There is significant value to derive from agentic AI. But the path beyond lies not in further iteration on the current paradigm, but in foundational innovation. The architectural alternatives explored above address core weaknesses of the transformer. The future is unlikely to be dominated by a single new architecture, but rather by hybrid systems that combine the strengths of diverse approaches.
As noted in Algorithma’s earlier analysis, there is significant value in leveraging LLM capabilities to build AI agents, or digital colleagues, that integrate directly into workflows. When paired with the right governance and architectural design, these agents can take on responsibility spans that grow over time, complementing human teams rather than replacing them.
What to do in the short term;
Invest smartly in agentic AI: Simply put, just get going. Leverage agentic AI where it makes sense to drive operational excellence and customer interaction [38, 40]
Audit model dependencies: Identify where your current AI stack is locked into a single model family and assess the risks of architectural obsolescence, avoid lock-in [39]
Pilot hybrid architectures: Run controlled trials with at least one non-transformer-based system to explore potential efficiency and capability gains.
Design for interoperability: Build integration layers that allow for model replacement or augmentation without wholesale re-engineering.
Invest in agent governance: Establish processes for monitoring, scaling, and safely expanding the responsibility span of AI agents in production.
Track architectural R&D: Dedicate resources to horizon scanning and partnerships that give early access to emerging architectures.

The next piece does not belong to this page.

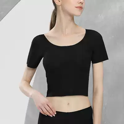 Ice ribbon chest pad bra one-piece short sleeve t-shirt women's summer thin style slim short short open navel bottoming top

The end of the transformer’s undisputed reign is the beginning of a new era of architectural diversity. Leaders who act now to prepare for that shift will be best positioned to capture its benefits, and avoid being locked into the past.
In the near-term, we will likely see an evolution where the major players will climb in the value chain, building vertical applications on top of the foundational models, with a consolidation across a booming vibe-coded LLM wrapper ecosystem. This will impact investors, companies and enterprises. However, in the near term, we see the main value pocket for enterprises to be in applying the foundational models for bespoke business process automation - using both ready-made point solutions and custom implementations.